YOUR ASSIGNMENT>
Restate all the entries exactly as they appear, apart from the pictures.

RECORD EXCERPTS>
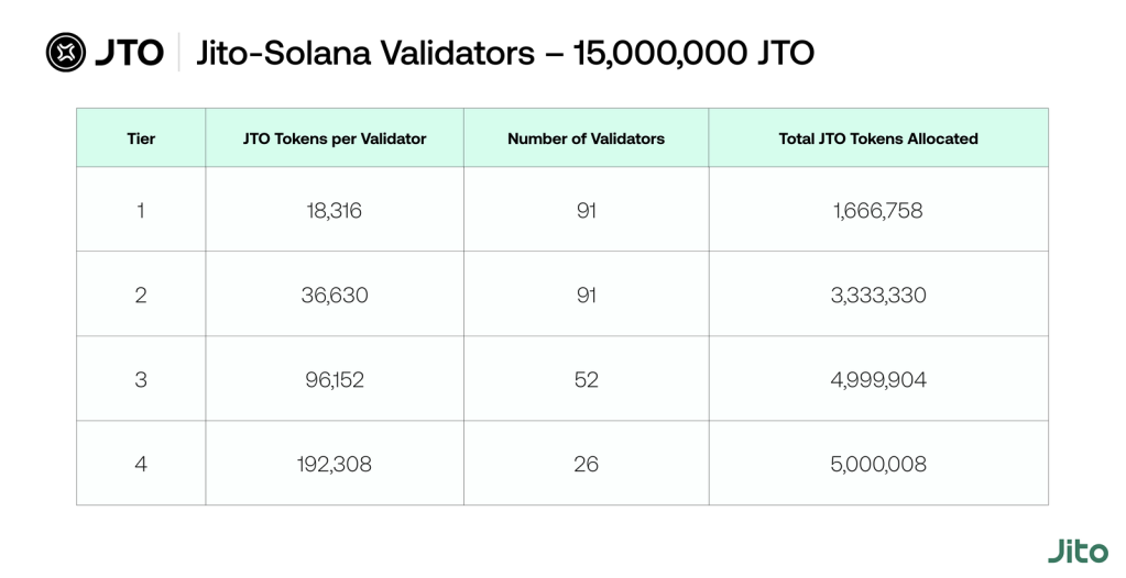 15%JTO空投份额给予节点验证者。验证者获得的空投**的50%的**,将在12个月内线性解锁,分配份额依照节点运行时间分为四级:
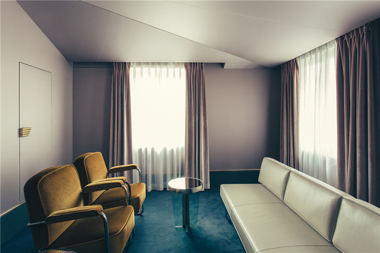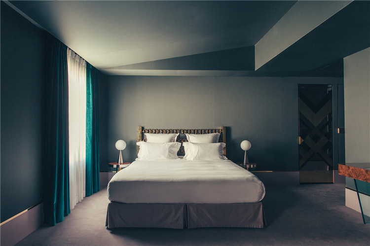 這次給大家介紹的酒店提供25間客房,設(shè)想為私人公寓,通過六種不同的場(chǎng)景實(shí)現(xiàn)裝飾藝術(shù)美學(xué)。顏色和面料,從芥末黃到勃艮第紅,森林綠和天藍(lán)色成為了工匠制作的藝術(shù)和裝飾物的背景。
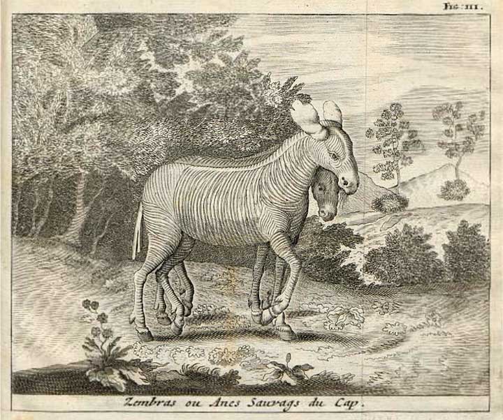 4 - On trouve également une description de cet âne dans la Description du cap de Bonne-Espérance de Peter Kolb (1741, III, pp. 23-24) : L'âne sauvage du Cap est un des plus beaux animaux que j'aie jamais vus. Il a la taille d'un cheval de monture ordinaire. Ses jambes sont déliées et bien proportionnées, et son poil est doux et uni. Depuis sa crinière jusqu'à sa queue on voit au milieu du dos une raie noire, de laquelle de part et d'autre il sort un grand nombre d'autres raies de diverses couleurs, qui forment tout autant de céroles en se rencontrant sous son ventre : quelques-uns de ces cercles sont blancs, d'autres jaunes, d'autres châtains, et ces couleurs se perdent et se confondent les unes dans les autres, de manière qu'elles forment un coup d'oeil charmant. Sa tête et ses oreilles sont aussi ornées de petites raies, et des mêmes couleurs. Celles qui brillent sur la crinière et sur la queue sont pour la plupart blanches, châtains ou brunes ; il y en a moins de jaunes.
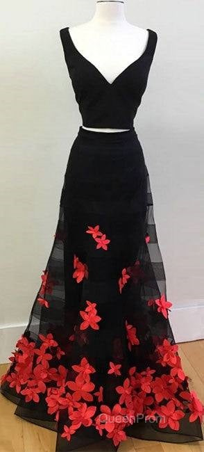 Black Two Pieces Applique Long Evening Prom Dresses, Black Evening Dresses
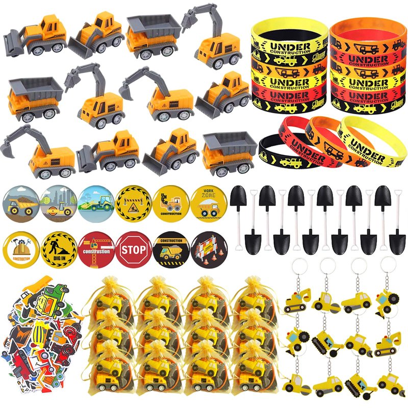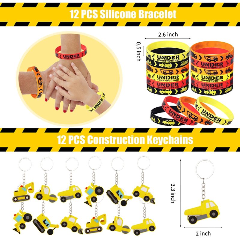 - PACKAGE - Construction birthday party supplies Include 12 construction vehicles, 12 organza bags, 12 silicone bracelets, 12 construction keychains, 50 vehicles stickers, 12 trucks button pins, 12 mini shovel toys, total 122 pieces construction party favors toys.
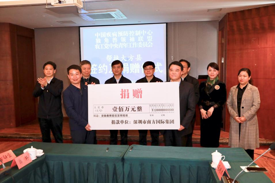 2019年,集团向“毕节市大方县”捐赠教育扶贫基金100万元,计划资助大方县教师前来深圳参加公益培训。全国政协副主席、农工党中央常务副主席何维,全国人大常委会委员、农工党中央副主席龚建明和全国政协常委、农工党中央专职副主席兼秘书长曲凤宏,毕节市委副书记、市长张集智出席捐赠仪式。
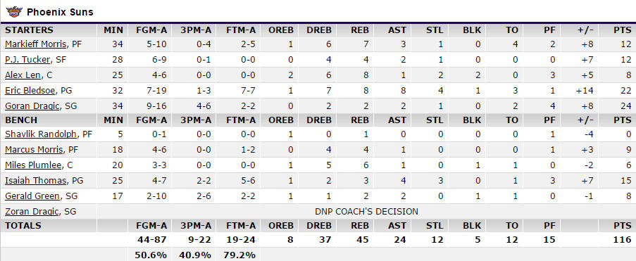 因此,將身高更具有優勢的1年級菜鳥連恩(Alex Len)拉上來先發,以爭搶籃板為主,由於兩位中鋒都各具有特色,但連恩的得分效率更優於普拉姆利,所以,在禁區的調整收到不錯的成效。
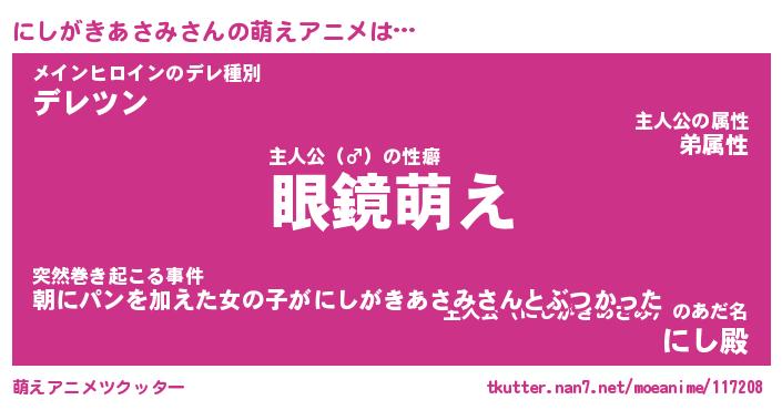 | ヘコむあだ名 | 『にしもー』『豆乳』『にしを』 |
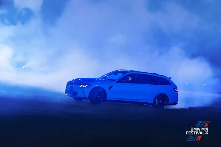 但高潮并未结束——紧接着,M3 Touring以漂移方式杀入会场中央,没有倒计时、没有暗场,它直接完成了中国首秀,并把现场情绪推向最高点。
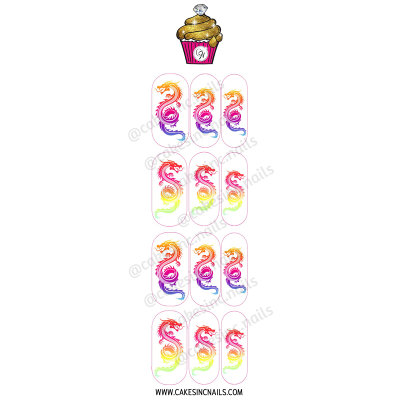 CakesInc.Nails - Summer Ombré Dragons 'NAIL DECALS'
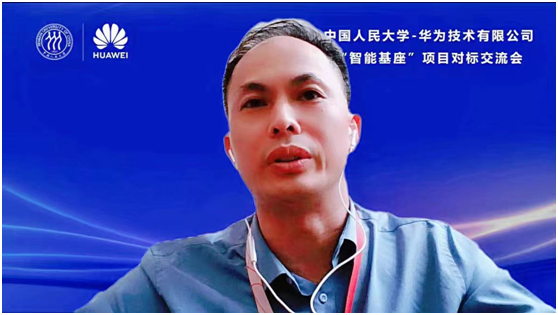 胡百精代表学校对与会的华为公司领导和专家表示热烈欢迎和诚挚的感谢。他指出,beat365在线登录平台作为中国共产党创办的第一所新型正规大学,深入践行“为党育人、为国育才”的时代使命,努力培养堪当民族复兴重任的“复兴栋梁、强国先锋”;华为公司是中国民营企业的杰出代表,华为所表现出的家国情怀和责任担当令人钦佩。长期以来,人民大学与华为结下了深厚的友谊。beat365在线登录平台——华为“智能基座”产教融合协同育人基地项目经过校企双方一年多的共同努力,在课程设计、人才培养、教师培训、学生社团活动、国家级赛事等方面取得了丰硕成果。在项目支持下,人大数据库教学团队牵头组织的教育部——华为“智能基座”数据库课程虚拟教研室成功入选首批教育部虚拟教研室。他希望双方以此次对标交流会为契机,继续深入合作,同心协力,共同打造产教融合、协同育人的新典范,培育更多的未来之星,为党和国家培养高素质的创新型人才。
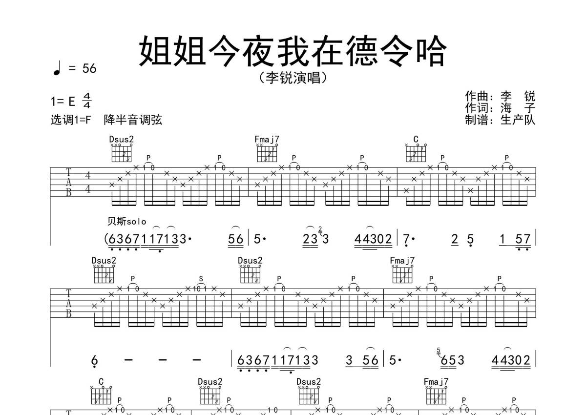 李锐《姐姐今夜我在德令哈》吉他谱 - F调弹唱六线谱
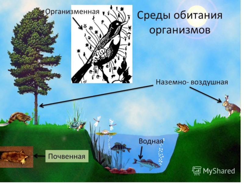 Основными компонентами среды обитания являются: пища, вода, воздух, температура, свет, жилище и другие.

OUTPUT BELOW>
 15%JTO空投份额给予节点验证者。验证者获得的空投**的50%的**,将在12个月内线性解锁,分配份额依照节点运行时间分为四级:
 這次給大家介紹的酒店提供25間客房,設(shè)想為私人公寓,通過六種不同的場(chǎng)景實(shí)現(xiàn)裝飾藝術(shù)美學(xué)。顏色和面料,從芥末黃到勃艮第紅,森林綠和天藍(lán)色成為了工匠制作的藝術(shù)和裝飾物的背景。
 4 - On trouve également une description de cet âne dans la Description du cap de Bonne-Espérance de Peter Kolb (1741, III, pp. 23-24) : L'âne sauvage du Cap est un des plus beaux animaux que j'aie jamais vus. Il a la taille d'un cheval de monture ordinaire. Ses jambes sont déliées et bien proportionnées, et son poil est doux et uni. Depuis sa crinière jusqu'à sa queue on voit au milieu du dos une raie noire, de laquelle de part et d'autre il sort un grand nombre d'autres raies de diverses couleurs, qui forment tout autant de céroles en se rencontrant sous son ventre : quelques-uns de ces cercles sont blancs, d'autres jaunes, d'autres châtains, et ces couleurs se perdent et se confondent les unes dans les autres, de manière qu'elles forment un coup d'oeil charmant. Sa tête et ses oreilles sont aussi ornées de petites raies, et des mêmes couleurs. Celles qui brillent sur la crinière et sur la queue sont pour la plupart blanches, châtains ou brunes ; il y en a moins de jaunes.
 Black Two Pieces Applique Long Evening Prom Dresses, Black Evening Dresses
 - PACKAGE - Construction birthday party supplies Include 12 construction vehicles, 12 organza bags, 12 silicone bracelets, 12 construction keychains, 50 vehicles stickers, 12 trucks button pins, 12 mini shovel toys, total 122 pieces construction party favors toys.
 2019年,集团向“毕节市大方县”捐赠教育扶贫基金100万元,计划资助大方县教师前来深圳参加公益培训。全国政协副主席、农工党中央常务副主席何维,全国人大常委会委员、农工党中央副主席龚建明和全国政协常委、农工党中央专职副主席兼秘书长曲凤宏,毕节市委副书记、市长张集智出席捐赠仪式。
 因此,將身高更具有優勢的1年級菜鳥連恩(Alex Len)拉上來先發,以爭搶籃板為主,由於兩位中鋒都各具有特色,但連恩的得分效率更優於普拉姆利,所以,在禁區的調整收到不錯的成效。
 | ヘコむあだ名 | 『にしもー』『豆乳』『にしを』 |
 但高潮并未结束——紧接着,M3 Touring以漂移方式杀入会场中央,没有倒计时、没有暗场,它直接完成了中国首秀,并把现场情绪推向最高点。
 CakesInc.Nails - Summer Ombré Dragons 'NAIL DECALS'
 胡百精代表学校对与会的华为公司领导和专家表示热烈欢迎和诚挚的感谢。他指出,beat365在线登录平台作为中国共产党创办的第一所新型正规大学,深入践行“为党育人、为国育才”的时代使命,努力培养堪当民族复兴重任的“复兴栋梁、强国先锋”;华为公司是中国民营企业的杰出代表,华为所表现出的家国情怀和责任担当令人钦佩。长期以来,人民大学与华为结下了深厚的友谊。beat365在线登录平台——华为“智能基座”产教融合协同育人基地项目经过校企双方一年多的共同努力,在课程设计、人才培养、教师培训、学生社团活动、国家级赛事等方面取得了丰硕成果。在项目支持下,人大数据库教学团队牵头组织的教育部——华为“智能基座”数据库课程虚拟教研室成功入选首批教育部虚拟教研室。他希望双方以此次对标交流会为契机,继续深入合作,同心协力,共同打造产教融合、协同育人的新典范,培育更多的未来之星,为党和国家培养高素质的创新型人才。
 李锐《姐姐今夜我在德令哈》吉他谱 - F调弹唱六线谱
 Основными компонентами среды обитания являются: пища, вода, воздух, температура, свет, жилище и другие.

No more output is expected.